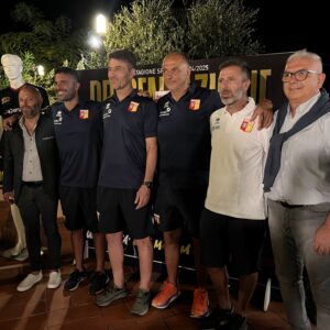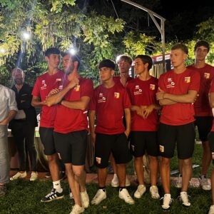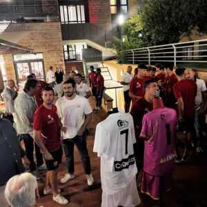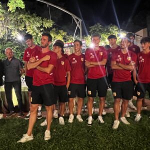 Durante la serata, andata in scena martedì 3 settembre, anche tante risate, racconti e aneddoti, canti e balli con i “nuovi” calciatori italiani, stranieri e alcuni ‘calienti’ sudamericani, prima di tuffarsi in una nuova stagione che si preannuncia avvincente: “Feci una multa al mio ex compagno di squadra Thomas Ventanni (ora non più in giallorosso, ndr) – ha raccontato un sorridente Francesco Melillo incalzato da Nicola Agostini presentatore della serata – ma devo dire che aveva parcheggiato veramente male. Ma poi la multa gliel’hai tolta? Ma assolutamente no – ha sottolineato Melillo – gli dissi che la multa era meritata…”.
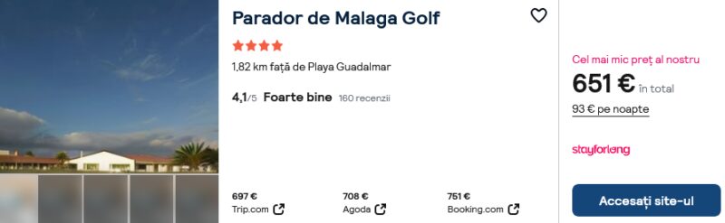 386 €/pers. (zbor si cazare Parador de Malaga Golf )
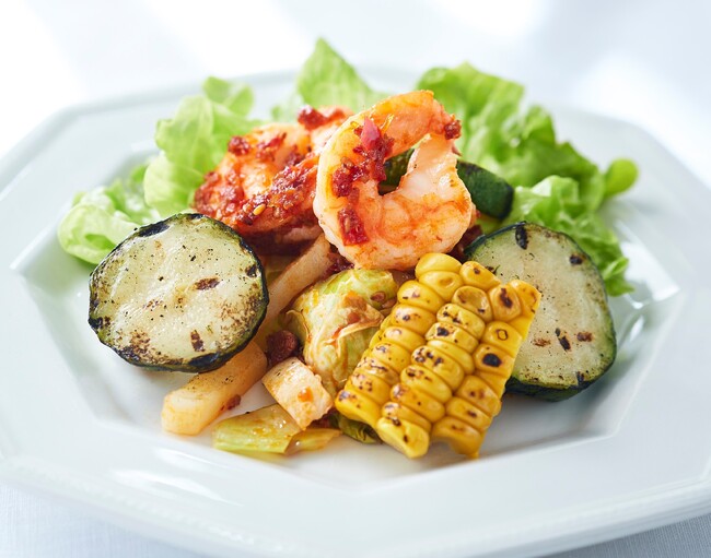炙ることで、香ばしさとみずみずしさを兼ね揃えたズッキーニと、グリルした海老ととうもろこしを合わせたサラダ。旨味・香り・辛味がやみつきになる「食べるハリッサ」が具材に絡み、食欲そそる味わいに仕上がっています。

---+---

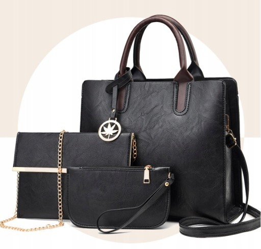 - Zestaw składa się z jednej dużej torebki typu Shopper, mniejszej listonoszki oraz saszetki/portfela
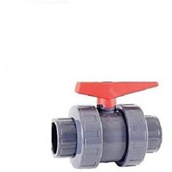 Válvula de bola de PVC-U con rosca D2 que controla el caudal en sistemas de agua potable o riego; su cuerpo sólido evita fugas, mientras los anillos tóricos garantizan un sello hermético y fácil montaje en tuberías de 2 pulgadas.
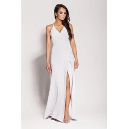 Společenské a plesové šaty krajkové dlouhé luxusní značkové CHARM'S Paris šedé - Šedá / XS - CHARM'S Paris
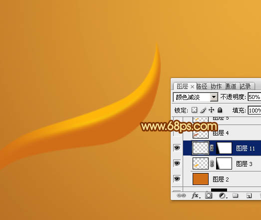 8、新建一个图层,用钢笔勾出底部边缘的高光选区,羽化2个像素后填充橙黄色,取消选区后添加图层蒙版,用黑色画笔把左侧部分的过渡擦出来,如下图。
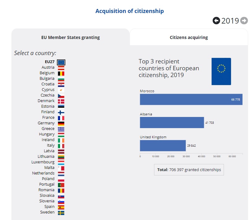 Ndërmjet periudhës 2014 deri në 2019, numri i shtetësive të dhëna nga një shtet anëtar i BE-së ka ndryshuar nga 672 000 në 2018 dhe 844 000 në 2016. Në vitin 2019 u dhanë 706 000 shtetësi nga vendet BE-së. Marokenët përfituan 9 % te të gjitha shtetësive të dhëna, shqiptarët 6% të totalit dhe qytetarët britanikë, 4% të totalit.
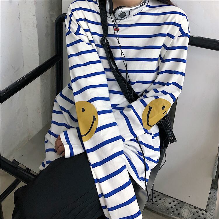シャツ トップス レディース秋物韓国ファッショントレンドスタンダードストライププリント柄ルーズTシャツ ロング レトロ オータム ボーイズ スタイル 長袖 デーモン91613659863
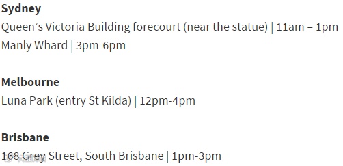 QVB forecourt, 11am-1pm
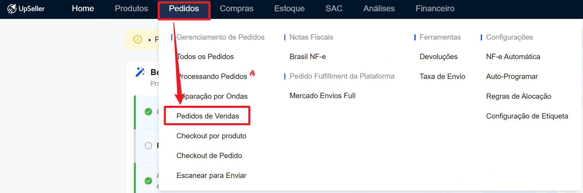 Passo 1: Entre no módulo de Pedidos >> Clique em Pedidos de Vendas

---+---

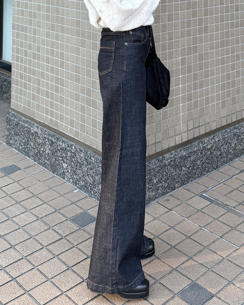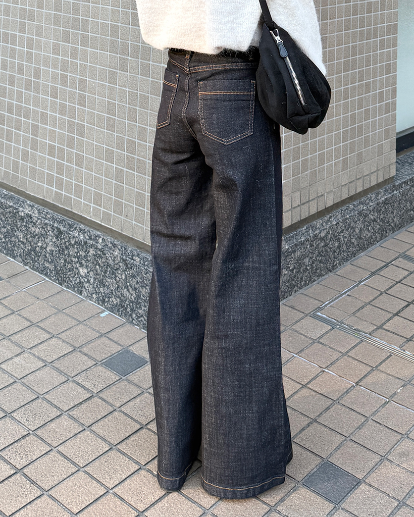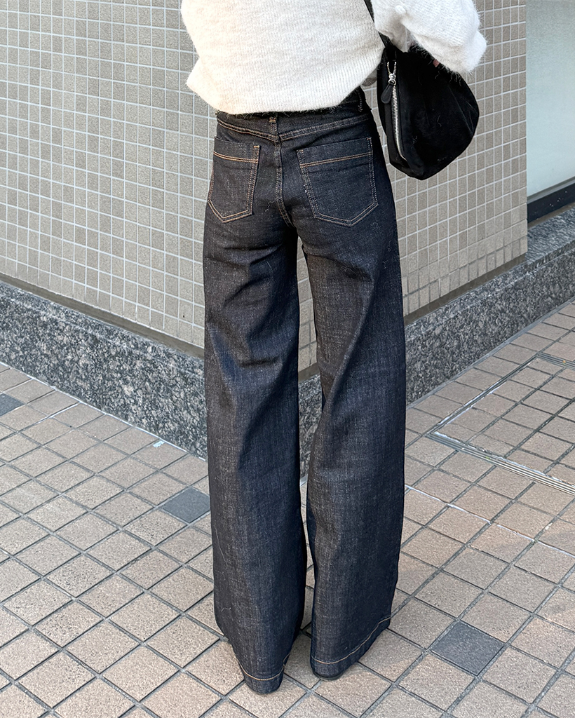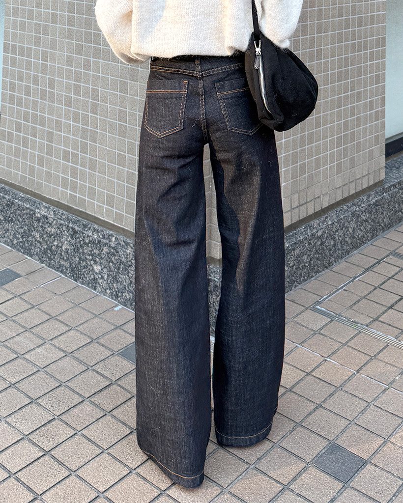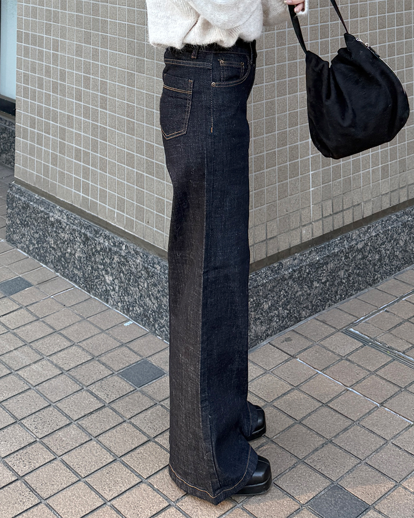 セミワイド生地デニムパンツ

---+---

## Exercise directions
From the records above, copy only the lines running from the line containing "- Zestaw składa" to the line containing "8、新建一个图层,用钢笔勾出", both ends included. Leave the pictures out.

## Answer space
 - Zestaw składa się z jednej dużej torebki typu Shopper, mniejszej listonoszki oraz saszetki/portfela
 Válvula de bola de PVC-U con rosca D2 que controla el caudal en sistemas de agua potable o riego; su cuerpo sólido evita fugas, mientras los anillos tóricos garantizan un sello hermético y fácil montaje en tuberías de 2 pulgadas.
 Společenské a plesové šaty krajkové dlouhé luxusní značkové CHARM'S Paris šedé - Šedá / XS - CHARM'S Paris
 8、新建一个图层,用钢笔勾出底部边缘的高光选区,羽化2个像素后填充橙黄色,取消选区后添加图层蒙版,用黑色画笔把左侧部分的过渡擦出来,如下图。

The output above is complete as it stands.